Türkiye, barış bildirisine imza atan akademisyeni bir kez daha ihraç etti
Yargıtay, Kürt sorunuyla ilgili ortak imza kampanyasına imza attığı için görevden alınan akademisyen Mehdan Sağlam'ın görevden alınmasına karar verdi. adı geçen Salı günü.
Akademisyen, gelişmeyi sosyal medyadan duyurdu. “Adalet mutlaka gelecek, biz de geri döneceğiz. Umarım başkalarına yaptıklarınızın tadına bakarsınız” dedi.
Bir alt mahkeme, Saghlam'ı geçen Kasım ayında görevine iade ederek 2017 yılında işten çıkarılmasına karşı açtığı davayı kazanmıştı.
2016 yılında kendilerini “Barış İçin Akademisyenler” olarak adlandıran toplam 1.128 akademisyenin ortaklaşa imzaladığı ve dağıttığı bir dilekçeye imza attığı için üniversitesinden atıldı.

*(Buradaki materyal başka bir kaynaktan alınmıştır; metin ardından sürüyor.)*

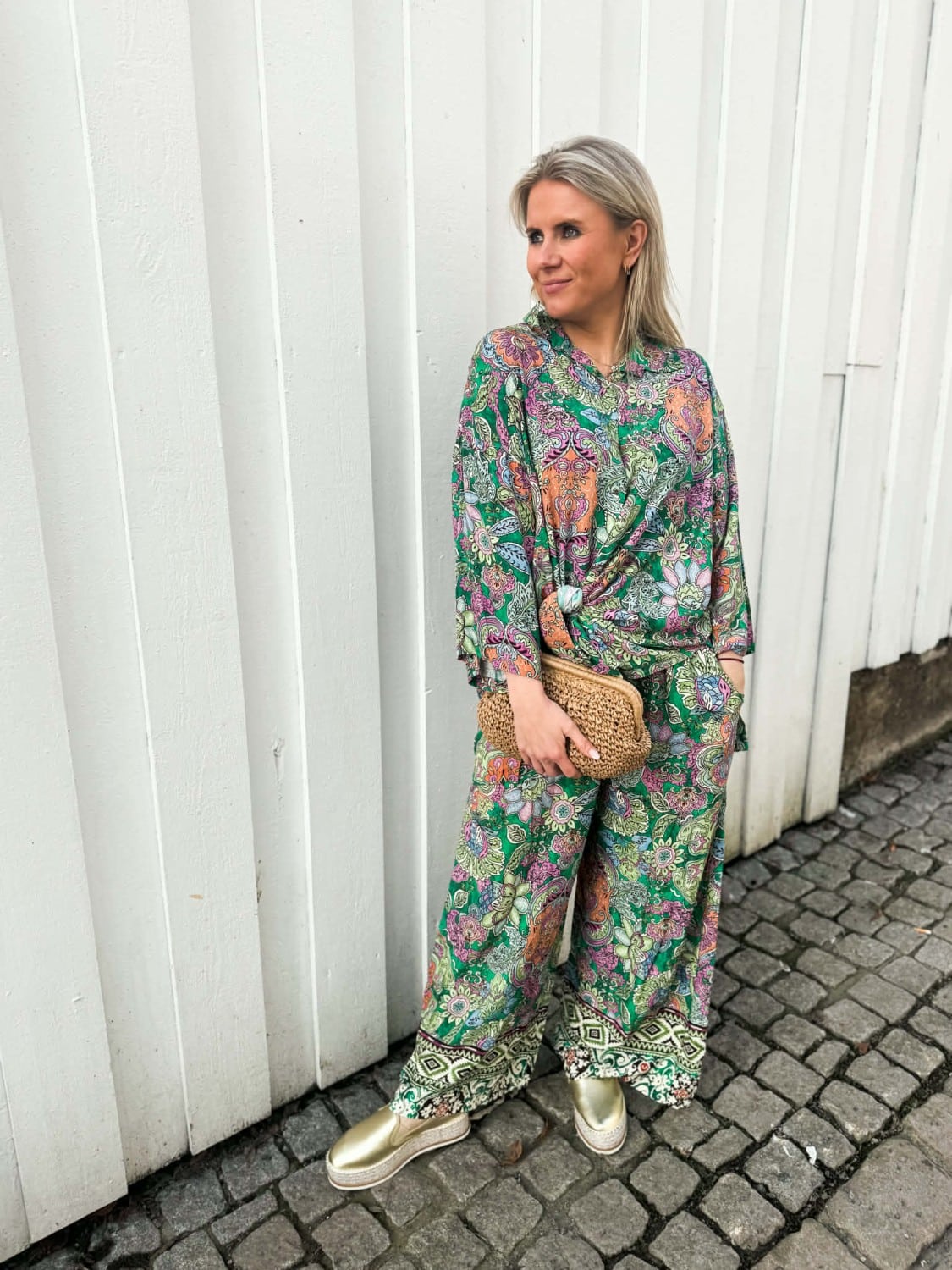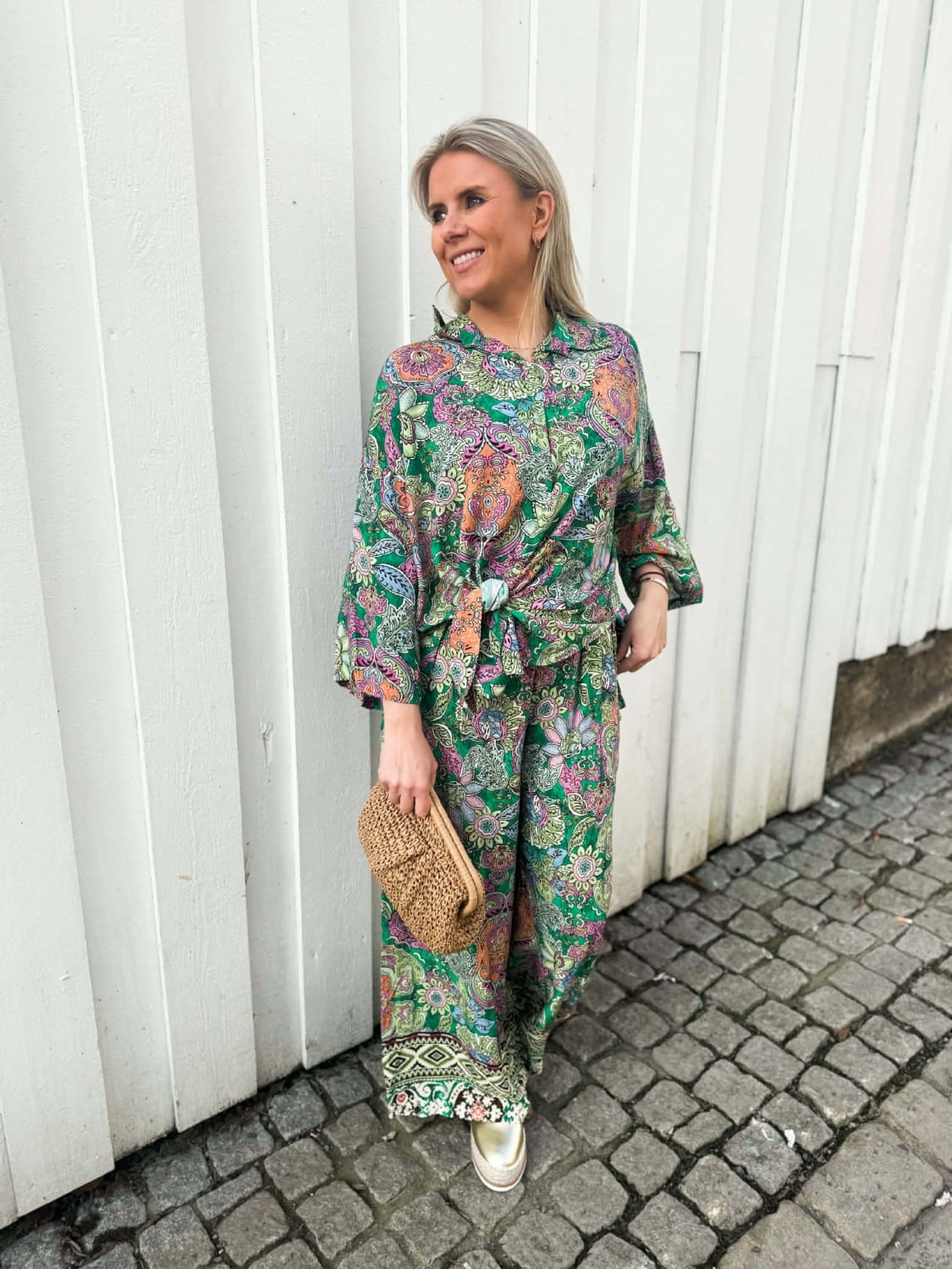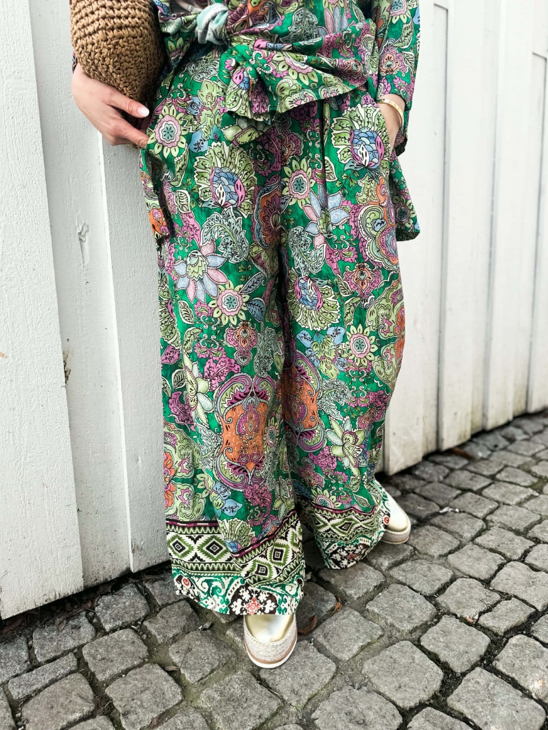 Lekre farger og print. Det selges som et sett og er i 100% viskose.
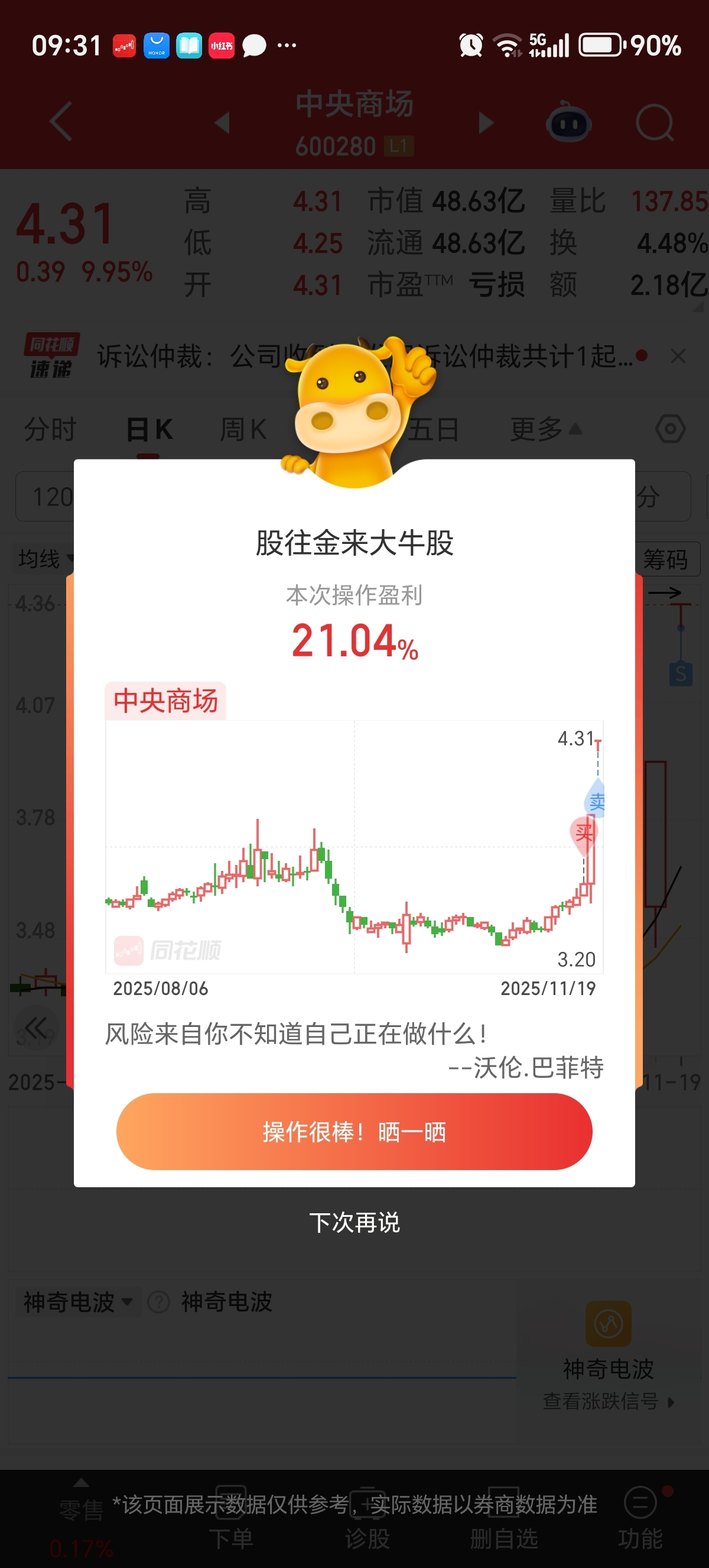 $中央商场(SH600280)$ 热度依旧在,周一继续要支持。
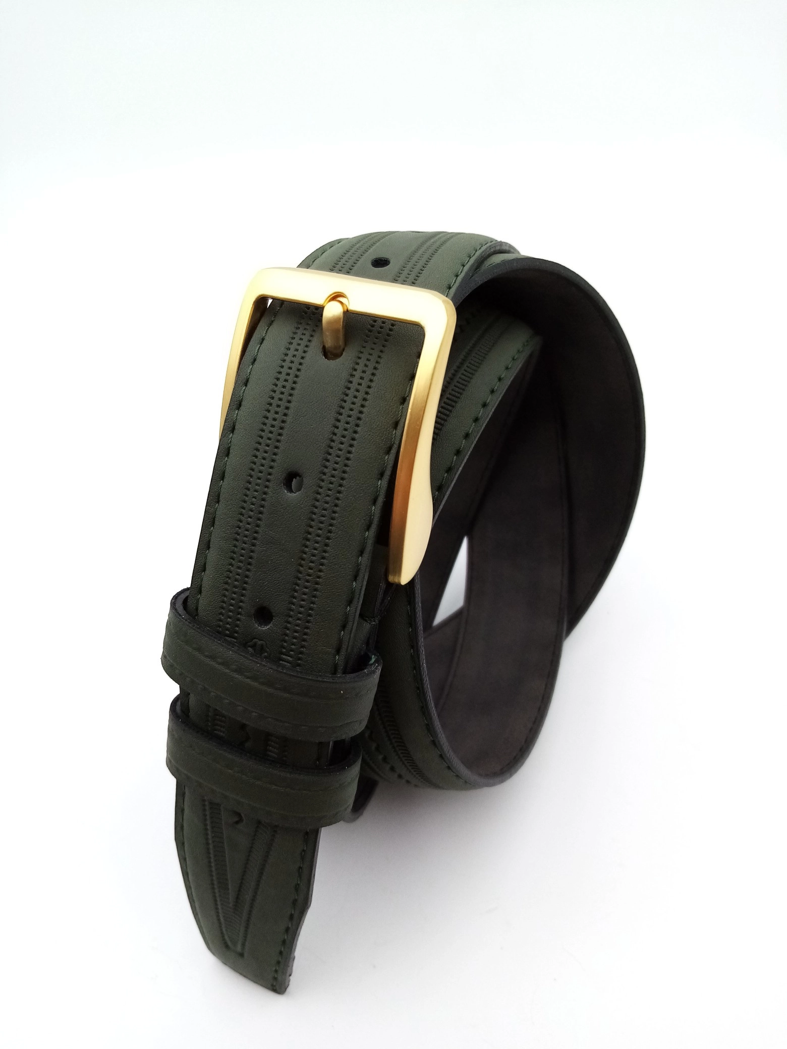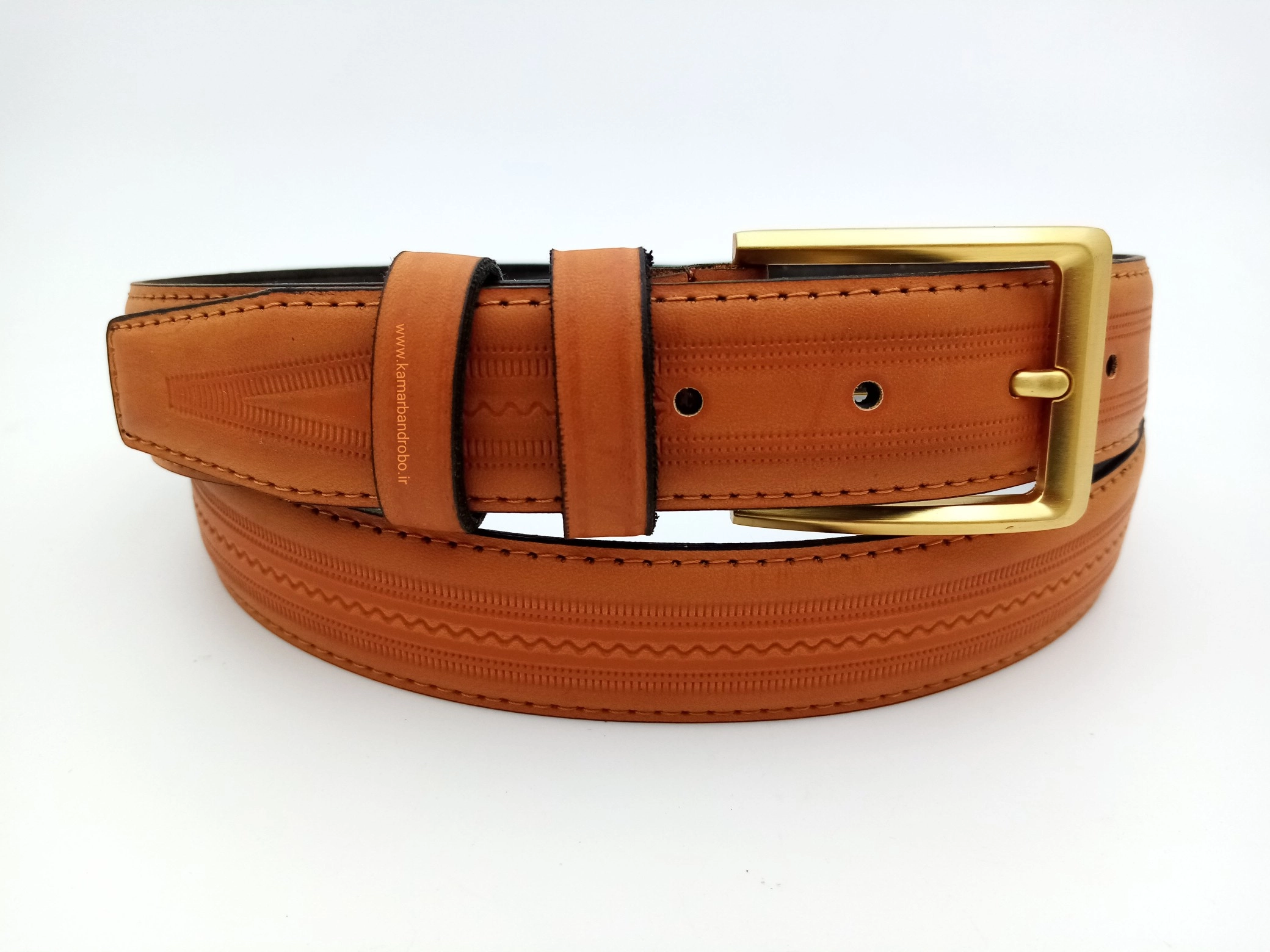 کمربند مردانه قلاب طلایی خارجی طرح چرم 3.5سانت
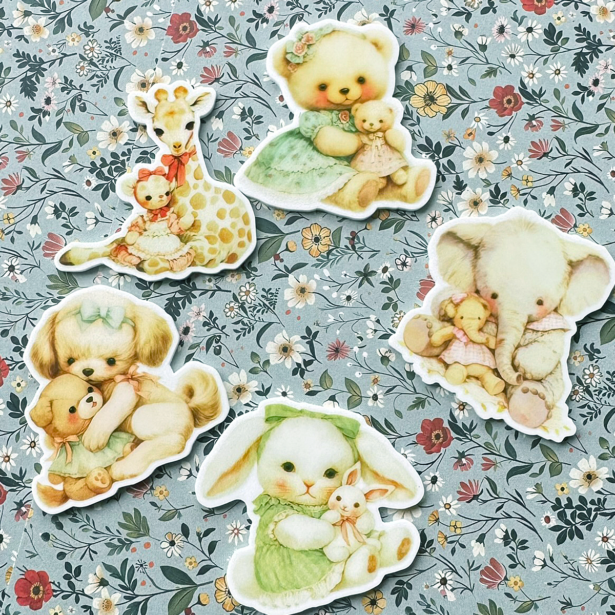 プラパーツ【ぬいぐるみ動物】 仕様 プラスチック材質のパーツです。 1枚ずつで5種類楽しめるセットです。 ダイカットされているのでコラージュなどにご利用ください。 高さ約4cm程度 各種1枚ずつ5個セット 材質:樹脂・片面印刷 中国産 在庫状態 : 売り切れ ¥380 只今お取扱い出来ません

Dilekçede hükümete, Türkiye'nin güneydoğusundaki askeri operasyonları durdurması ve Kürt sorununa müzakere yoluyla bir çözüm seçmesi çağrısında bulunuldu.
Türk kamuoyunun söyleminde hakim kavram olan Kürt sorunu, ülkedeki Kürt nüfusun eşit haklara olan talebini ve tanınma mücadelesini ifade etmektedir.
İlk imzacıların Cumhurbaşkanı Recep Tayyip Erdoğan tarafından sözlü olarak hedef alınmasının ardından, daha fazla akademisyen dayanışma amacıyla barış bildirisine imza attı ve toplam sayı 2 bini aştı.
Dilekçe, akademisyenleri yasadışı Kürdistan İşçi Partisi adına çalışmakla suçlayan hükümet yetkililerinin yaygın eleştirilerine yol açtı.
Birçok imzacı sınır dışı edildi, hapis cezasına çarptırıldı veya yurtdışına çıkış yasağına maruz kaldı.
PKK, Türkiye ve uluslararası toplumun büyük bir kısmı tarafından terör örgütü listesinde yer alıyor.
2016'daki darbe girişimi sonrasında toplam 7.316 akademisyen ihraç edildi. Hükümetin darbe sonrası uyguladığı baskılarda Türkiye'deki hemen hemen tüm üniversitelerden profesör ve öğretim görevlileri hedef alındı.
Yaygın tasfiyeler yargıya da sıçradı; 4.000'den fazla hakim ve savcı darbeyle mücadele bahanesiyle görevden alındı.
Erdoğan'ın iktidardaki Adalet ve Kalkınma Partisi (AKP), tasfiye edilen yargı mensuplarının yerine AKP ile yakın bağlantıları olan genç, deneyimsiz hakim ve savcıları getirmekle suçlanıyor.
Türk yargısının erozyona uğradığını doğrulayan bir gelişmeyle Türkiye, hukukun üstünlüğü endeksinde 142 ülke arasında 117. sırada yer aldı. yayınlanan Dünya Adalet Projesi (WJP) tarafından Ekim ayı sonunda, geçen yıla göre bir kademe düşüş yaşandı.